The 1920s witnessed not only the birth of a new American art, straining to free itself from ties to the past and to Europe, but the continuing struggle of the "New Woman," whose desire for freedom was equally intense and ambitious. She threatened cherished traditions. This, after all, was the first decade after the Nineteenth Amendment, when women gained the right to vote. As Minna Lederman, the editor of Modern Music , has said, "We thought we could do anything."[68]

That was the "modern" side of the issue. For musicians, however, there was an even stronger attitude—the notion of music as a femininized sphere—which had roots in the nineteenth century. As stewards of the parlor, as supporters of the opera and symphony, as teachers, and as vigorous local activists through music clubs, women had gained control over certain aspects of music making in the United States. For many men, this gave music a disturbing whiff of effeminacy. Women had been strong supporters of art in the genteel tradition of the late nineteenth century, and when that tradition faced rejection, women suffered accordingly. This was a major issue in early modernism, and it remained strong throughout the 1920s. Charles Ives is well known for labeling his detractors "old ladies," but he by no means stood alone in doing so.[69] Enough others felt similarly for Musical America to run an editorial in 1924 titled "Music and Manliness," discussing the effect of the "manliness complex" on American musicians.[70] And in an article published in 1929, Nicolas Slonimsky, a member of the young generation of composers, illustrated how views of women were twisted into the tensions between new and old, "Yes, we want our musical tastes to be governed by the young sophisticates rather than by Mrs. Carrie Jacobs Bond."[71]

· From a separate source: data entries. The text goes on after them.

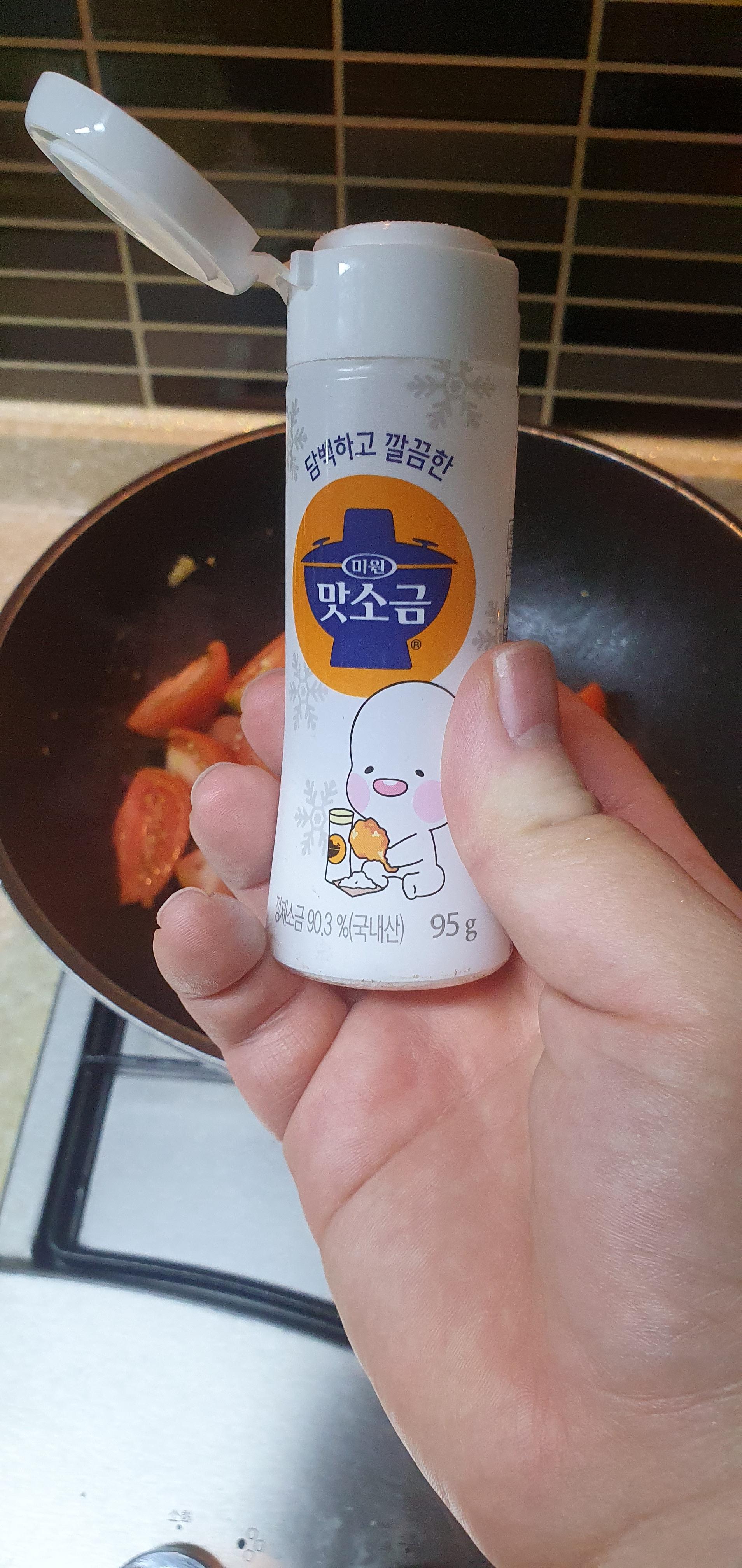 6. 쬐금 30초 정도 볶다가.. 맛소금을 투하합니다. 뭐 톡톡톡~ 세번번도 하시면 됩니다.
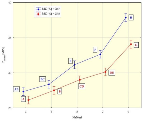 The static axial compression tests of the stalks along the fibers were performed in replicates of 15 for each of the five internodes (NrNod = 1, 3, 5, 7 and 9) and for each of the two moisture contents ( = 20.7% i = 25.8%).
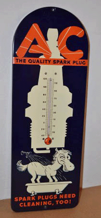 Matthews Auction has reported the theft of an AC Spark Plug sign that was stolen during shipping. The sign features Sparky the Donkey graphics, a tin thermometer and was listed as new in the box condition and rated 9.75.
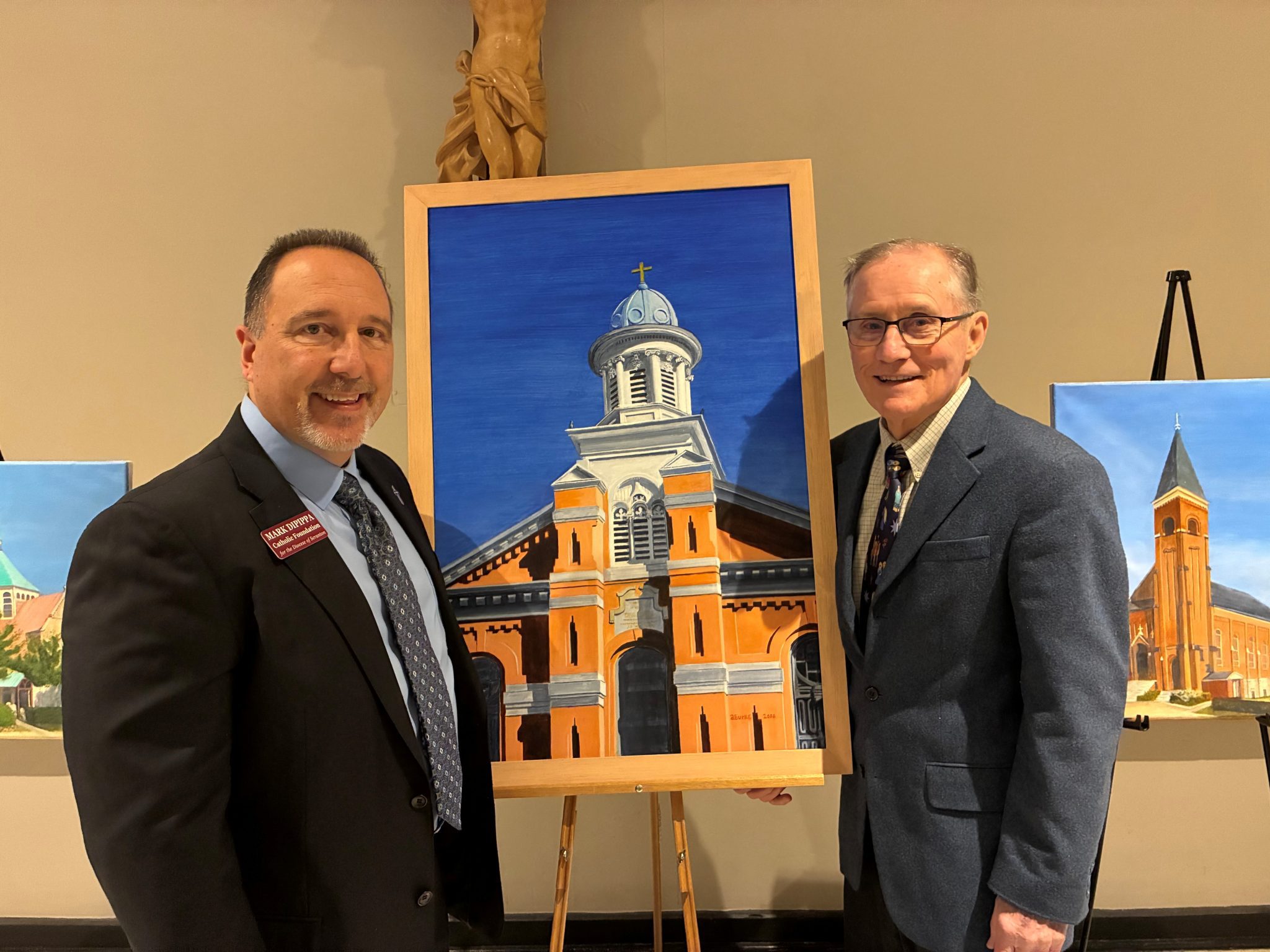 A preview of several paintings was displayed earlier this year during a Bishop’s reception, drawing admiration from parishioners and benefactors alike.
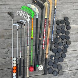 Golfclubs, floorball sticks, hockey sticks en pucks

The 1920s opened with one such indictment, penned by no less than the critic Paul Rosenfeld—the same Rosenfeld who was a close friend of Claire Reis and who would become one of the most enlightened voices of the decade (at least in his concert-music tastes). In a 1920 article for the Dial , written to mark the end of Varèse's tenure with the New Symphony Orchestra—subsidized primarily by Gertrude Whitney—Rosenfeld analyzed the orchestra's failure to succeed in performing contemporary music as "one of the innumerable consequences of the fact that in America musical organizations have patronesses more often than they have patrons." He continued:

Great musical bodies cannot exist in America today, it is a commonplace, without subsidies. . . . But in our civilization, the man is not interested in art. . . . The control of the purer forms of music are [sic ] almost entirely left to the distaff side. . . . But, unfortunately, the control by women of art is not the health of art. . . . In consequence, artistic activity remains, for the majority of those who engage in it, a lightly social expression.[72]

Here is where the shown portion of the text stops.